What I want you to know about having a child in the NICU

What I Want You to Know is a series of reader submissions. It is an attempt to allow people to tell their personal stories, in the hopes of bringing greater compassion to the unique issues each of us face. If you would like to submit a story to this series, click here. Today’s guest post is by Alicia Salizar.

They both looked so pink and perfect when they arrived, I never guessed they might need Neonatal Intensive care.

My blood pressure finally lowered and my bed was wheeled into the hall outside the NICU. The doctor explained to me how my big, beautiful son, Brendan, needed extra help breathing and would be staying in the NICU. Through the glass window I could see my husband, Shea, still wearing a blue paper suit from head to toe, standing next to a crib, talking to a doctor and nurse.

They were discussing the grunting noises Brendan made when he tried to breathe. Discussing the thick mucus in his chest and the oxygenated chamber he was put in. Discussing the feeding tube placed in his throat and the IVs in his feet.

Then I was wheeled away to meet my daughter, Abigail, again. My tiny 4 lb 2 oz girl wonder who came into this world hungry and cold, now laying in her crib, cleaned and diapered and waiting for her mom’s embrace. She was placed in my arms and I decided to never let her go. Shea came in and told me again what the doctors had told him. His attitude had gone from proud and strong in the operating room to distraught and worried.

We held our daughter and waited. A nurse came in and helped my daughter latch onto my breast, unsuccessfully and I wondered what I was doing wrong. Then my husband left to visit our son.

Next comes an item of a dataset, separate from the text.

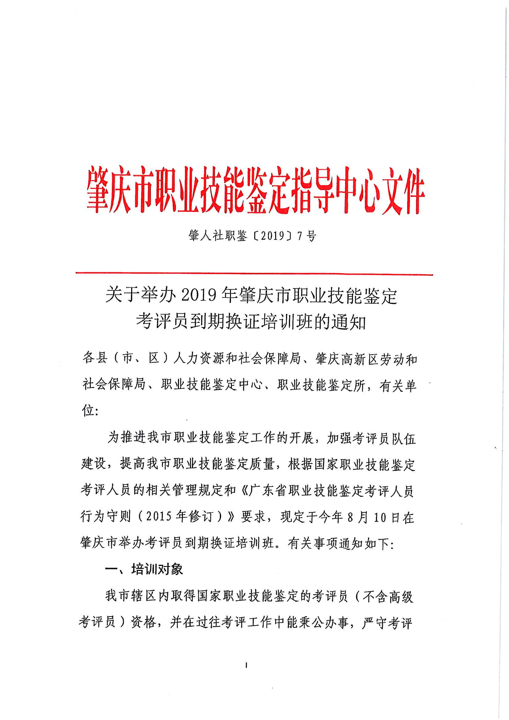 关于举办2019年肇庆市职业技能鉴定考评员到期换证培训班的通知
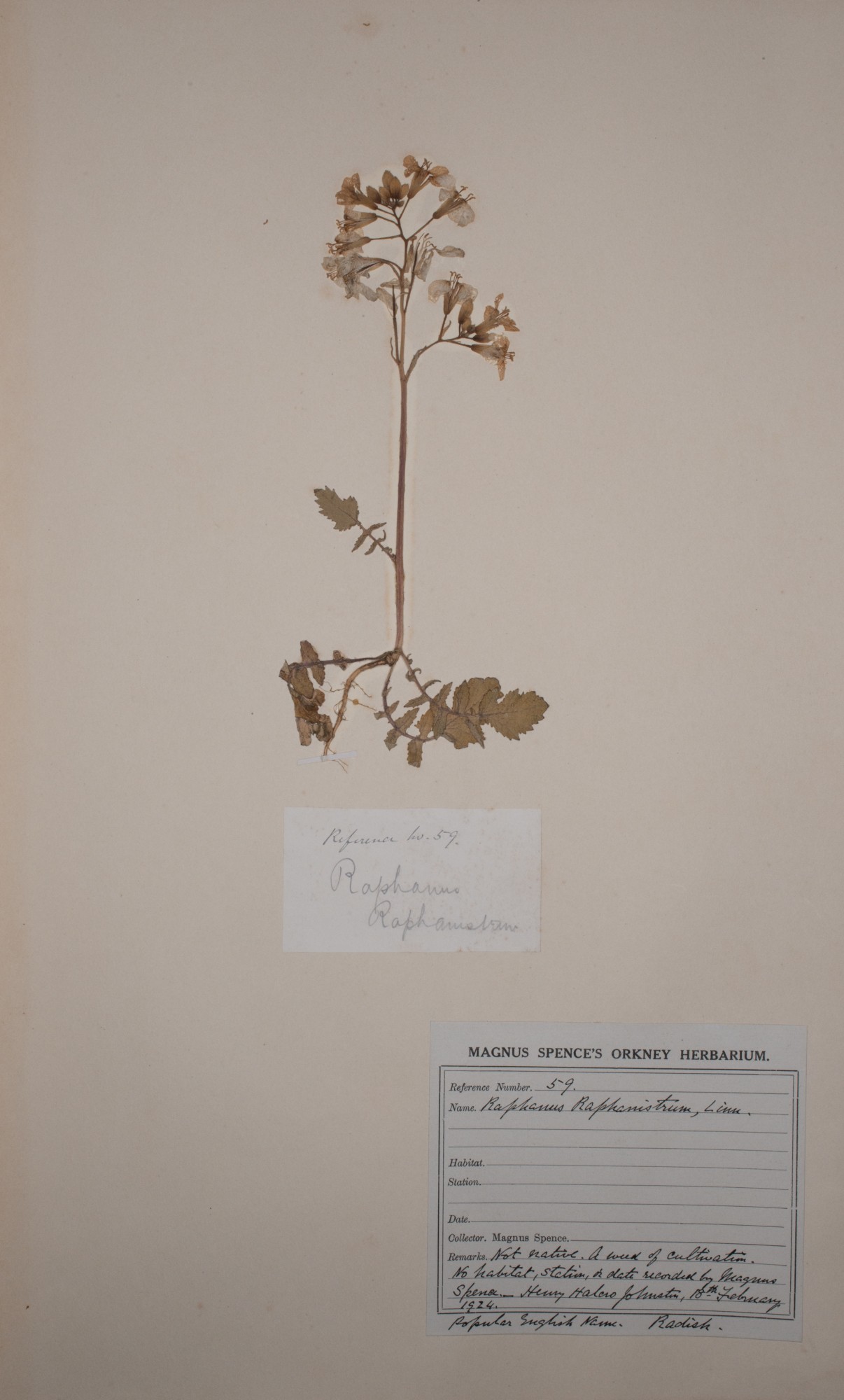 Herbarium sheet reference 59 Raphanus raphanistrum L. Raphanus raphanistrum L. Runch, Wild Radish.

He visited while I layed in bed. He watched as our Brendan was moved to his crib. While I layed in my bed down the hall, Brendan was bathed, his iv was changed. My husband watched and I waited as he was taken off the feeding tubes and allowed to bottle feed. Information was relayed to me when he was put back on the feeding tubes, then put on oxygen, then put on mucus thinning expectorant.

All the while I layed in bed. Holding my daughter, praying for my son, attempting to feed my daughter, praying for my son. Hearing his status relayed to me by nurse and doctor. As soon as it was ok for me to sit up, I could go visit him. My husband would share my love with him while I waited behind for my pain medication, and learned to hold my stomach in with a pillow before trying to stand up.

Then I was wheeled into his nursery and I sat there, unable to hold him much less nurse him. Every time I reached in to hold his hand the monitors would beep in alarm. He would wake and cry and I hid my tears and went back to my room.

Finally, Abigail fed happily and we were together constantly. I fed her, then pumped milk into a machine for Brendan, then fed abigail formula to help her gain weight. Then it was time to feed her again, and pump again.

Eventually I tried to feed Brendan by bottle but not yet to nurse. His choking and coughing made it difficult for him to catch his breath. He had to be fed carefully and my husband made it look so natural. I hid my shame and tears when he choked. Shea admonished me to not let him eat so fast and finished the feeding for me.

Then my time was up. Abigail and I were healthy enough to go home, but Brendan was still learning to breathe and eat. The problem was that the apartment, minutes from the hospital was gone; the lease had run out. I was headed to my in laws house an hour and a half away from my son. Add to that distance my inability to drive as my body healed and the newborn baby and four year old son I had to take care of.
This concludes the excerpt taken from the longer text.